**What you will do**
Where the listing shows an image, skip it and output all other material unchanged.

**Input records**
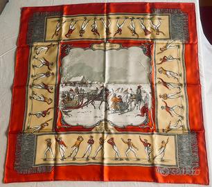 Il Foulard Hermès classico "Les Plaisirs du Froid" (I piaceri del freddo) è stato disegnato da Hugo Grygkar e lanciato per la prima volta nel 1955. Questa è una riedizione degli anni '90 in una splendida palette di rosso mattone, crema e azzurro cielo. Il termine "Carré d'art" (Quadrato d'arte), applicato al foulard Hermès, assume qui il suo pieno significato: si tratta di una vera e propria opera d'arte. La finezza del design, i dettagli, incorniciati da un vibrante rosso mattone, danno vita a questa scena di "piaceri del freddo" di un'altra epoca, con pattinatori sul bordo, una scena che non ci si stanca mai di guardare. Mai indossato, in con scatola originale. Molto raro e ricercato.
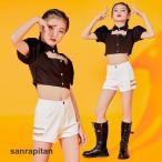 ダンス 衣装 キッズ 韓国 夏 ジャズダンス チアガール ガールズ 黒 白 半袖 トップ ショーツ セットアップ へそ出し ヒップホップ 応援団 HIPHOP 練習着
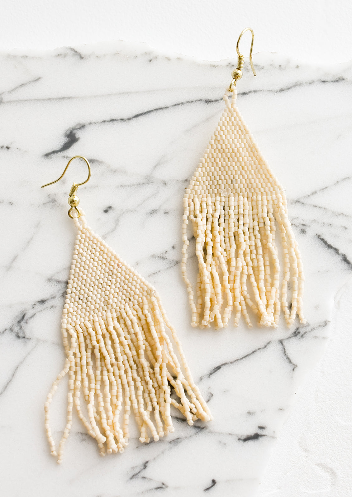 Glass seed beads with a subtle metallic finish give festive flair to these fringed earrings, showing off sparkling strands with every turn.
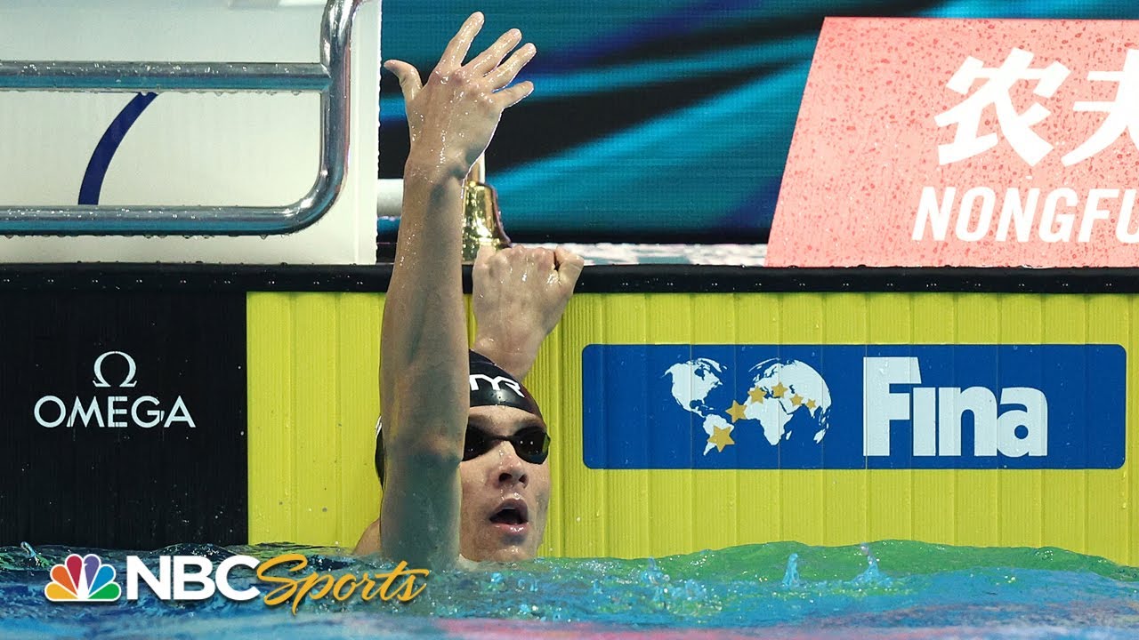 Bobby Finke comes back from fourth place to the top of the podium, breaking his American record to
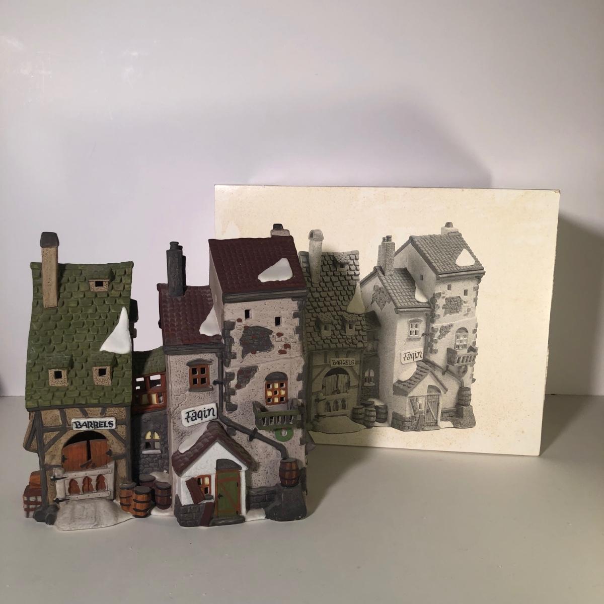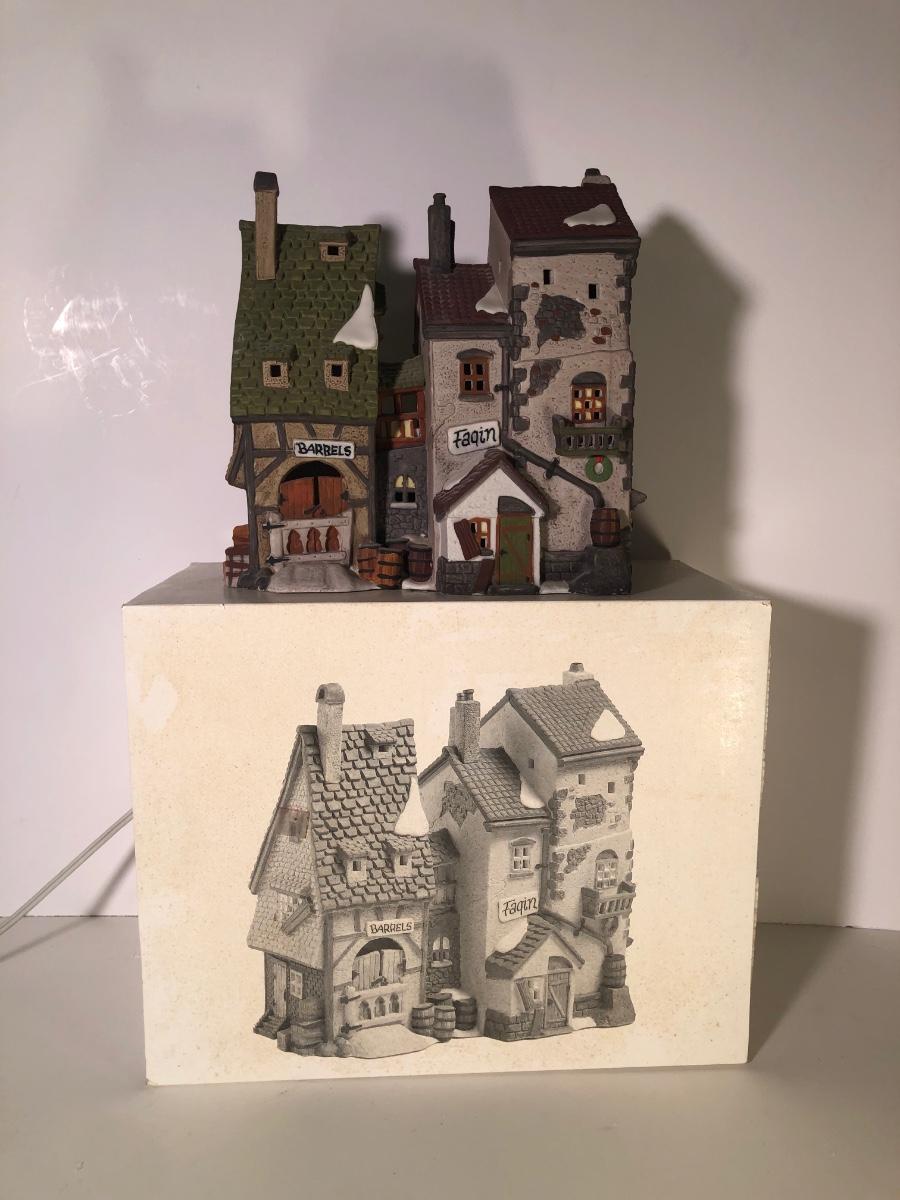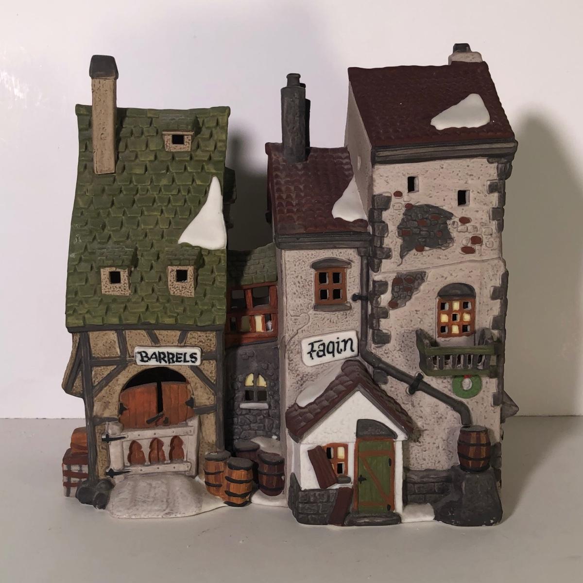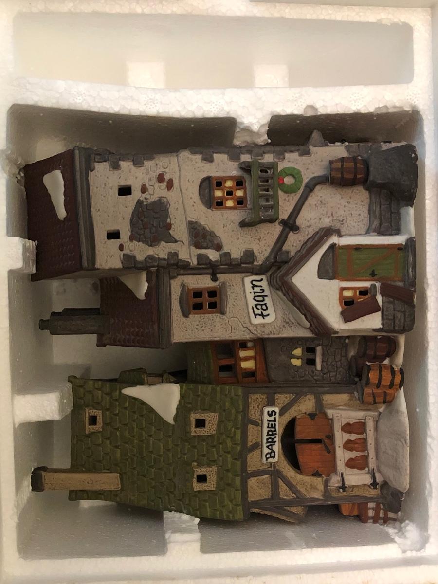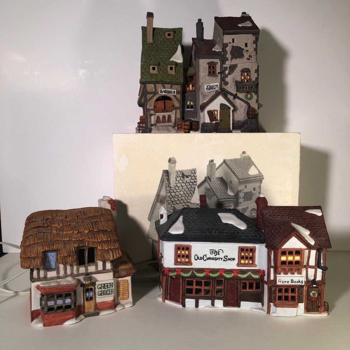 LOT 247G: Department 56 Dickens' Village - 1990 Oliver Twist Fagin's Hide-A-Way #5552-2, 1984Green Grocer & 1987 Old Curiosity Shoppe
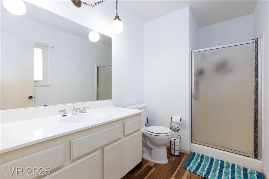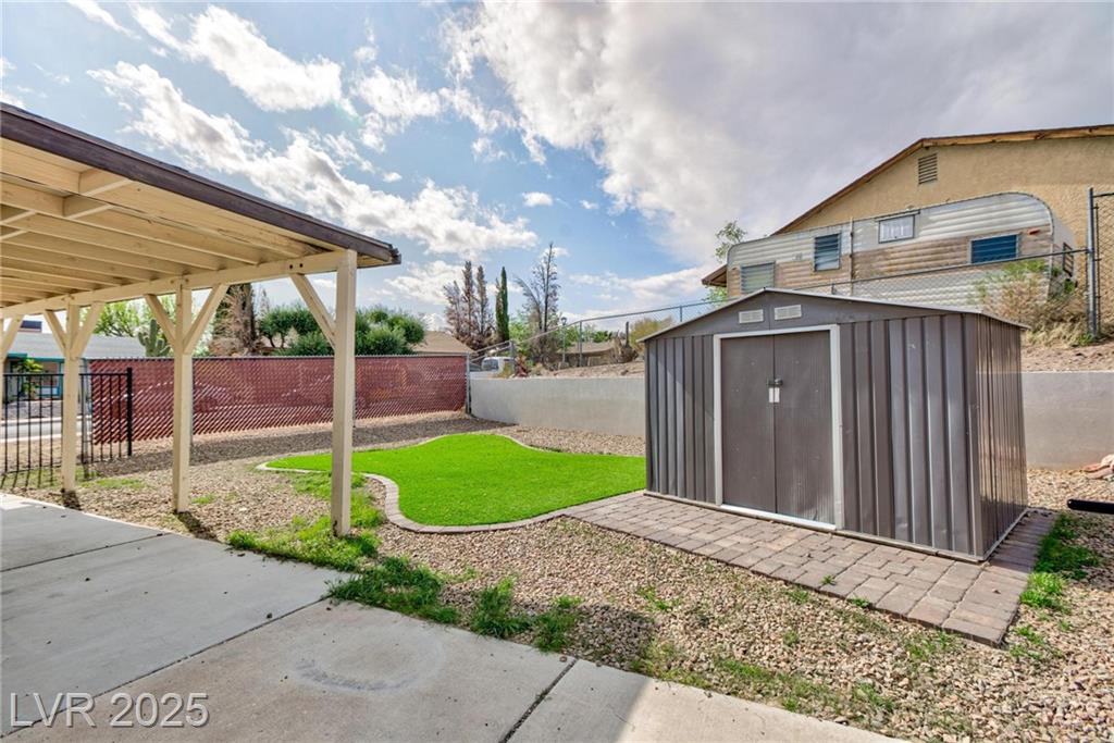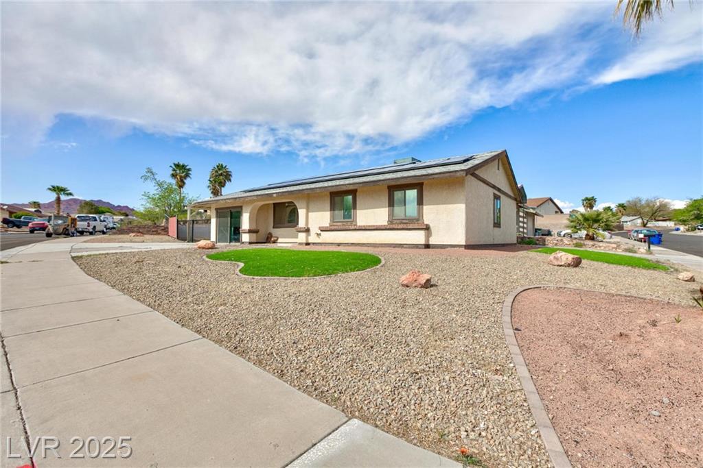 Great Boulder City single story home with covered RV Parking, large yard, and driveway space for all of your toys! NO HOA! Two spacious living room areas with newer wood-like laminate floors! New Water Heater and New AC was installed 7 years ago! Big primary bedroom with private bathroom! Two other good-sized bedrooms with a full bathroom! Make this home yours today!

**Response box**
 Il Foulard Hermès classico "Les Plaisirs du Froid" (I piaceri del freddo) è stato disegnato da Hugo Grygkar e lanciato per la prima volta nel 1955. Questa è una riedizione degli anni '90 in una splendida palette di rosso mattone, crema e azzurro cielo. Il termine "Carré d'art" (Quadrato d'arte), applicato al foulard Hermès, assume qui il suo pieno significato: si tratta di una vera e propria opera d'arte. La finezza del design, i dettagli, incorniciati da un vibrante rosso mattone, danno vita a questa scena di "piaceri del freddo" di un'altra epoca, con pattinatori sul bordo, una scena che non ci si stanca mai di guardare. Mai indossato, in con scatola originale. Molto raro e ricercato.
 ダンス 衣装 キッズ 韓国 夏 ジャズダンス チアガール ガールズ 黒 白 半袖 トップ ショーツ セットアップ へそ出し ヒップホップ 応援団 HIPHOP 練習着
 Glass seed beads with a subtle metallic finish give festive flair to these fringed earrings, showing off sparkling strands with every turn.
 Bobby Finke comes back from fourth place to the top of the podium, breaking his American record to
 LOT 247G: Department 56 Dickens' Village - 1990 Oliver Twist Fagin's Hide-A-Way #5552-2, 1984Green Grocer & 1987 Old Curiosity Shoppe
 Great Boulder City single story home with covered RV Parking, large yard, and driveway space for all of your toys! NO HOA! Two spacious living room areas with newer wood-like laminate floors! New Water Heater and New AC was installed 7 years ago! Big primary bedroom with private bathroom! Two other good-sized bedrooms with a full bathroom! Make this home yours today!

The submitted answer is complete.